Problem requirements - Make an exact copy of the listing below. Pictures stay out of it.

Segment Open

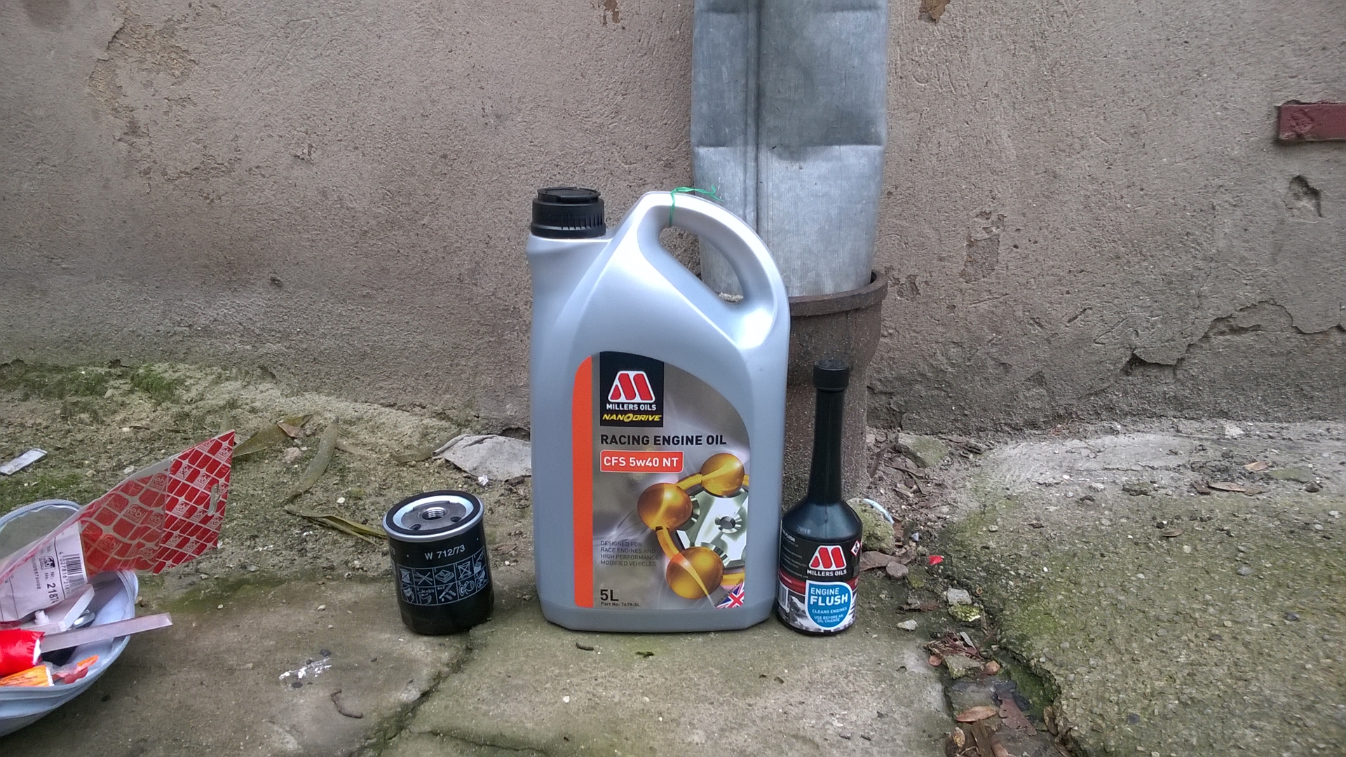Ponad 10 000 km zrobione, przyszła pora na wymianę oliwki. Wpadł olej Millers CFS Nanodrive 5w40, płukanka Millersa i filtr oleju Mann.
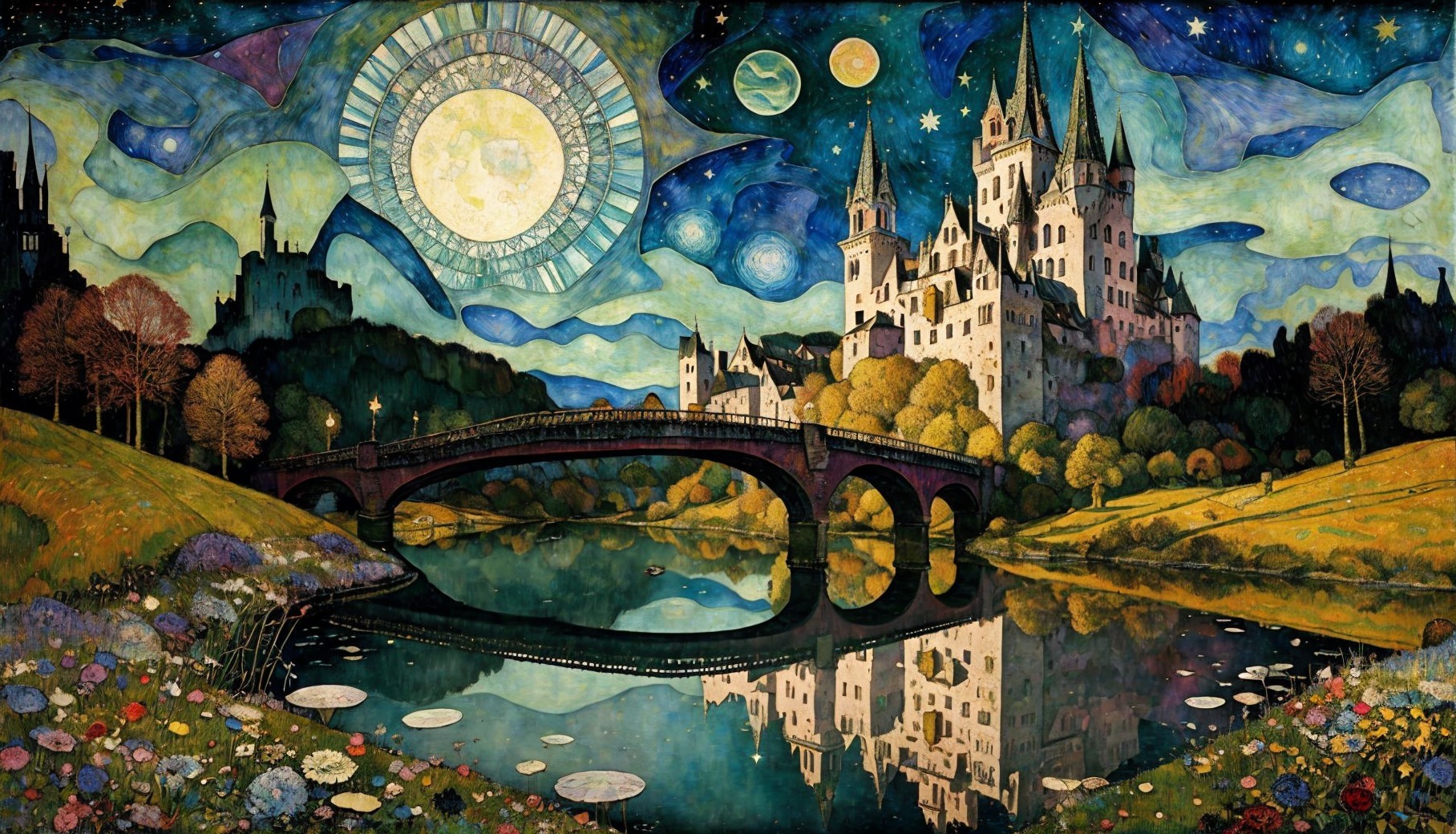 Prompt: bridge and castle by lake under cosmic sky, by Egon Schiele, Paul Klee mixed media, depth of field, parts of background made out of glass shards, metallic ink details and realistic textures created by Dave McKean and Richard Corben
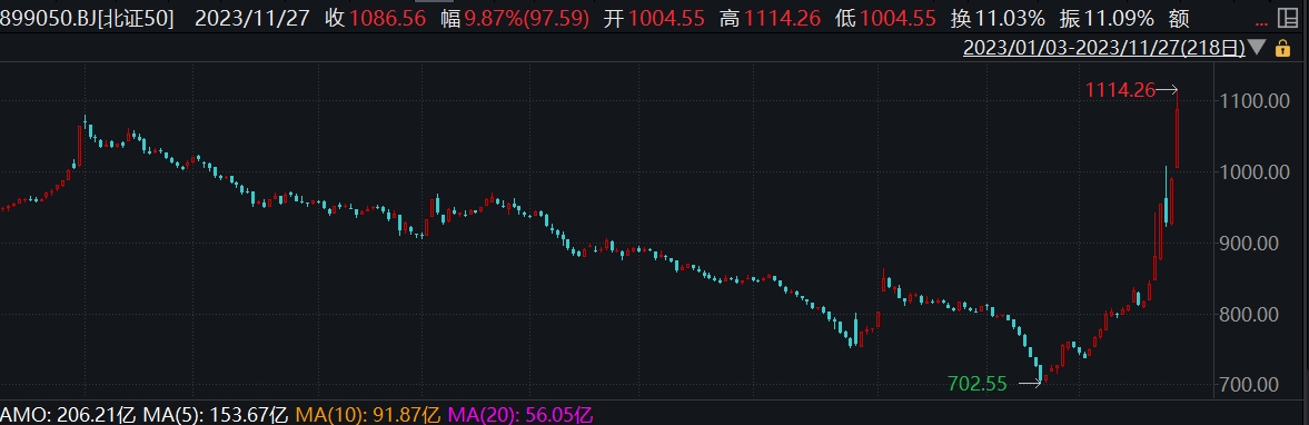 12:44【北交所行情持续 “火爆” 北证50指数突破年内新高】今日早盘,北交所行情持续 “火爆”。北证50指数盘中一度涨超12%,创年内新高,日内最高报1114.26,指数个股成交额超200亿元。
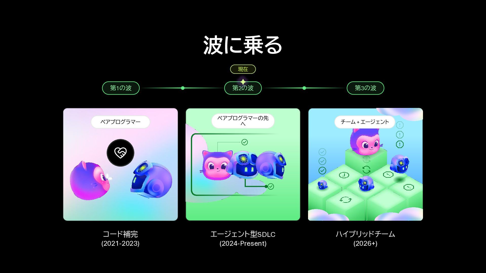 2. エージェント型SDLC (2024-Present) ハイブリッドチーム (2026+) 第1の波 第2の波 第3の波 波に乗る 現在 コード補完
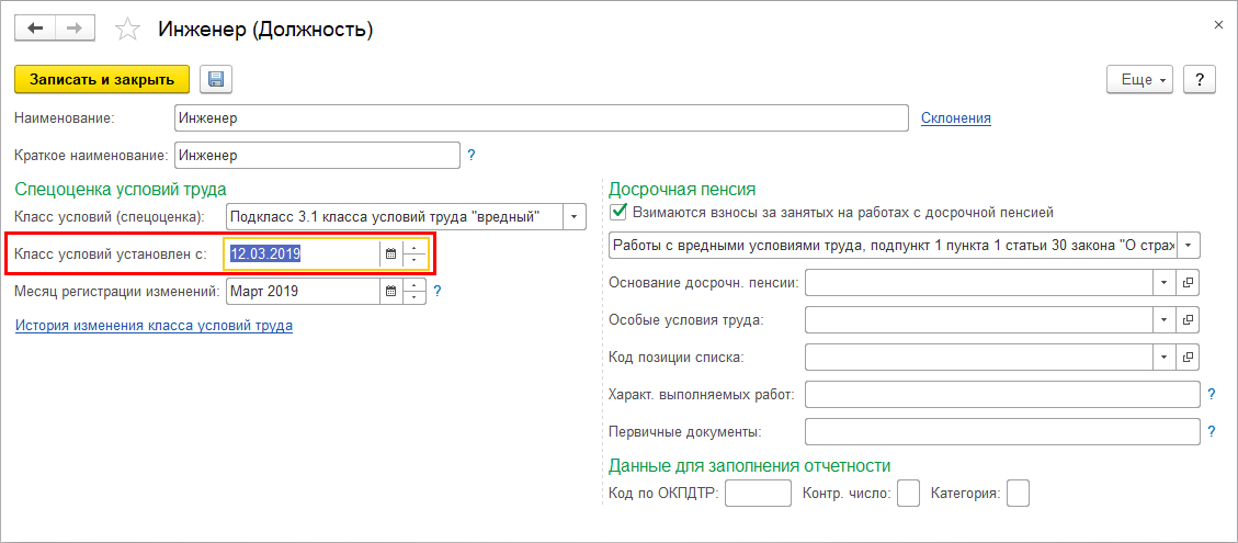 В версии 3.1.10 такая необходимость устранена. Теперь класс условий труда можно задать с конкретного дня, и начисления будут разбиты по периодам – до этого дня и после него, и соответствующие их части будут корректно обложены взносами.
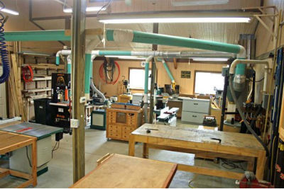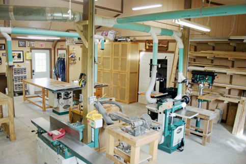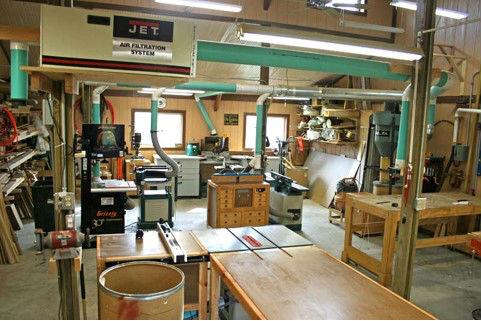 My first wood shop was in the basement of the house making it handy for all the remodeling but was a pain to get materials up and down the stairs. When it came time for a new garage, I went big as seen in the picture above. I have a three-car garage with equal space in back for my shop, which is 850 square feet.
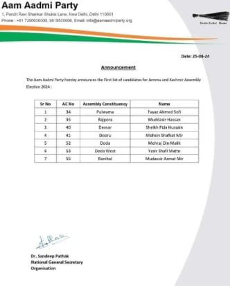 Meanwhile, the Aam Aadmi Party (AAP) has announced its list of seven candidates for the upcoming assembly elections. The Delhi-based party will field the following candidates: Bilal Ahmed Deva (Anantnag West), Ghulam Nabi Wani (Rajpora), Mir Altaf Hussain (Anantnag), Qaiser Sultan Ganai (Ganderbal), Ghulam Nabi Bhat (Eidgah), Amir Ahmed Bhat (Khanyar),Nisar Ahmed Lone (Gurez), Peer Bilal Ahmed (Hazratbal).

Segment Closed

Task solution -
Ponad 10 000 km zrobione, przyszła pora na wymianę oliwki. Wpadł olej Millers CFS Nanodrive 5w40, płukanka Millersa i filtr oleju Mann.
 Prompt: bridge and castle by lake under cosmic sky, by Egon Schiele, Paul Klee mixed media, depth of field, parts of background made out of glass shards, metallic ink details and realistic textures created by Dave McKean and Richard Corben
 12:44【北交所行情持续 “火爆” 北证50指数突破年内新高】今日早盘,北交所行情持续 “火爆”。北证50指数盘中一度涨超12%,创年内新高,日内最高报1114.26,指数个股成交额超200亿元。
 2. エージェント型SDLC (2024-Present) ハイブリッドチーム (2026+) 第1の波 第2の波 第3の波 波に乗る 現在 コード補完
 В версии 3.1.10 такая необходимость устранена. Теперь класс условий труда можно задать с конкретного дня, и начисления будут разбиты по периодам – до этого дня и после него, и соответствующие их части будут корректно обложены взносами.
 My first wood shop was in the basement of the house making it handy for all the remodeling but was a pain to get materials up and down the stairs. When it came time for a new garage, I went big as seen in the picture above. I have a three-car garage with equal space in back for my shop, which is 850 square feet.
 Meanwhile, the Aam Aadmi Party (AAP) has announced its list of seven candidates for the upcoming assembly elections. The Delhi-based party will field the following candidates: Bilal Ahmed Deva (Anantnag West), Ghulam Nabi Wani (Rajpora), Mir Altaf Hussain (Anantnag), Qaiser Sultan Ganai (Ganderbal), Ghulam Nabi Bhat (Eidgah), Amir Ahmed Bhat (Khanyar),Nisar Ahmed Lone (Gurez), Peer Bilal Ahmed (Hazratbal).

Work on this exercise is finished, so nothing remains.